> _INFORMATION SUPPLIED_:
····················

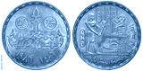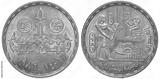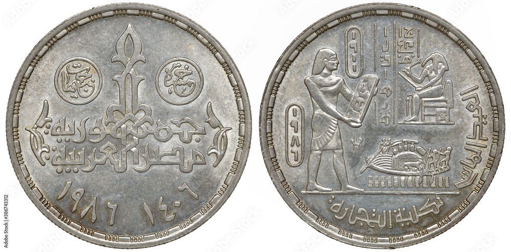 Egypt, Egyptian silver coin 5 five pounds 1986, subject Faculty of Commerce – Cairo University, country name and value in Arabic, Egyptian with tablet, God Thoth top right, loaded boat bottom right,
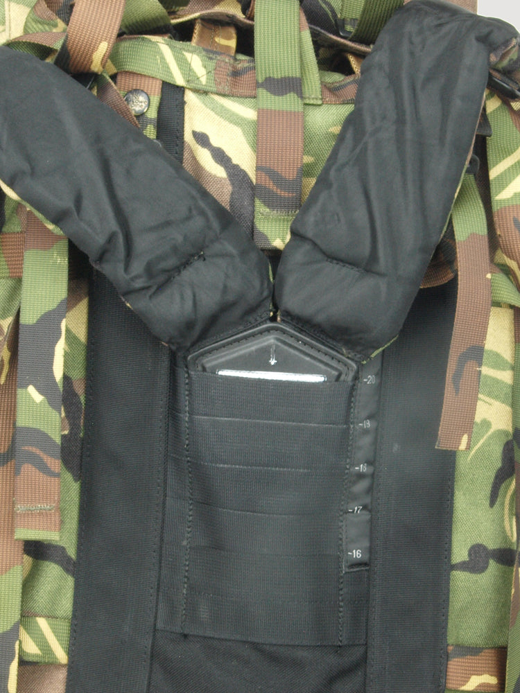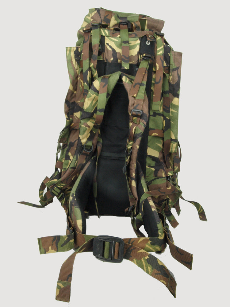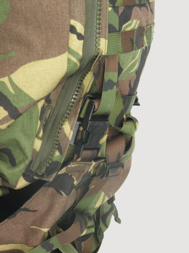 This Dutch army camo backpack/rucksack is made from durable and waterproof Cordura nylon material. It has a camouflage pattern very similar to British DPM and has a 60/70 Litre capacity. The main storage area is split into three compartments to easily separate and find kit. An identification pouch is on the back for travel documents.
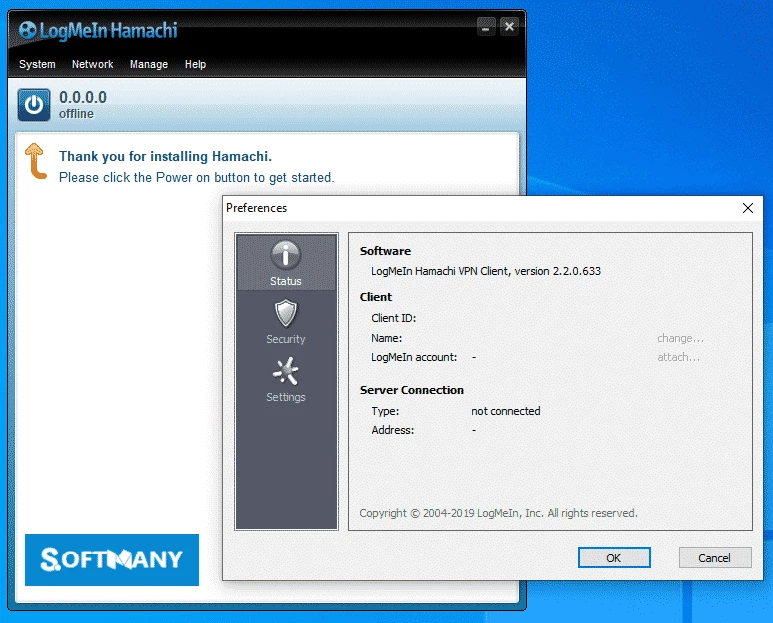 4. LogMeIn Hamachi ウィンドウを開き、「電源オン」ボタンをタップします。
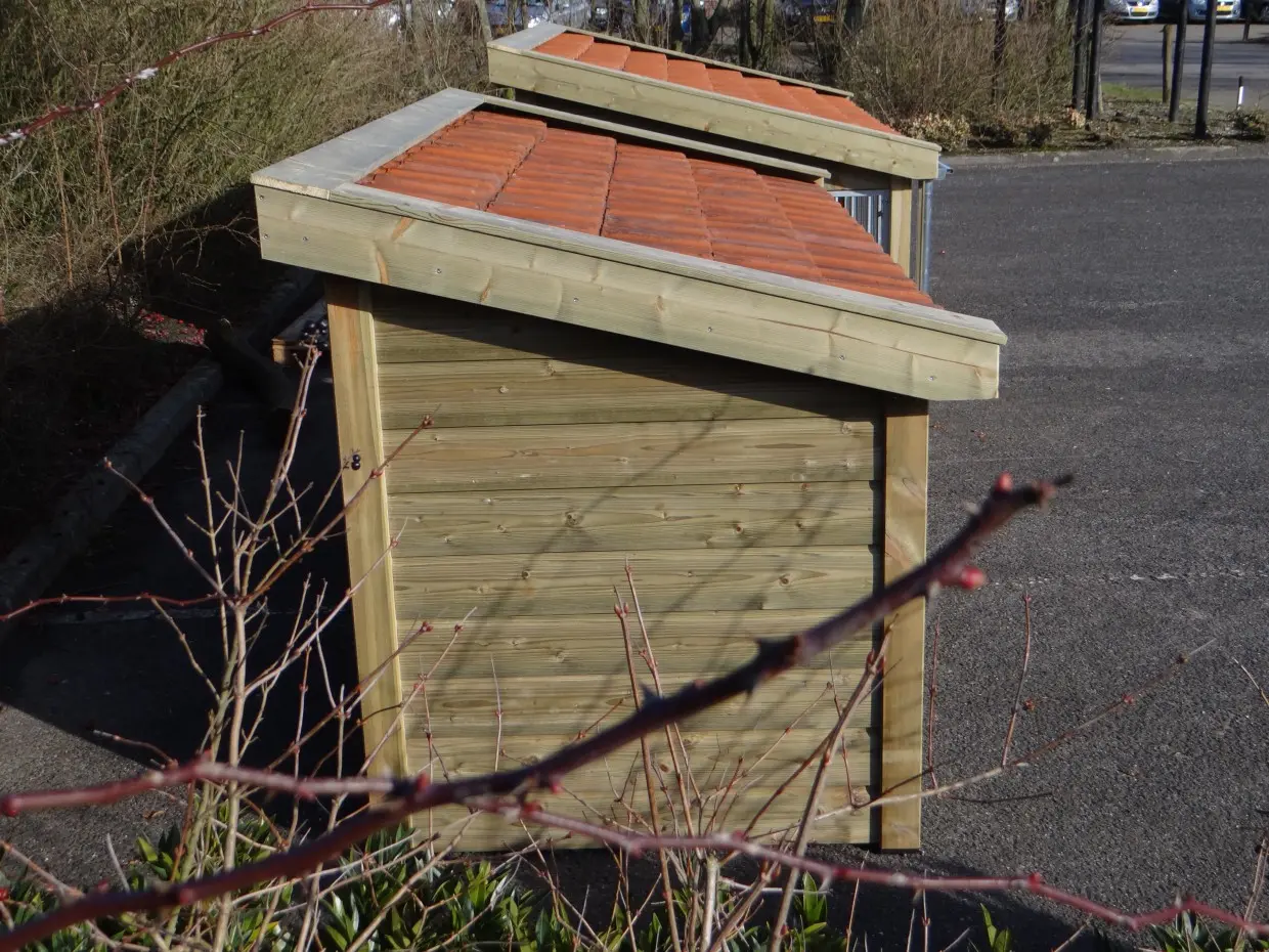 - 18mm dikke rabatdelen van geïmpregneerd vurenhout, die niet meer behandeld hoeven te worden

····················

> _WHAT IS NEEDED_:
Write the lines from the line containing "4. LogMeIn Hamachi" through the last line of the data out again exactly, and only those lines; pictures stay out.

> _ANSWER SPACE_:
 4. LogMeIn Hamachi ウィンドウを開き、「電源オン」ボタンをタップします。
 - 18mm dikke rabatdelen van geïmpregneerd vurenhout, die niet meer behandeld hoeven te worden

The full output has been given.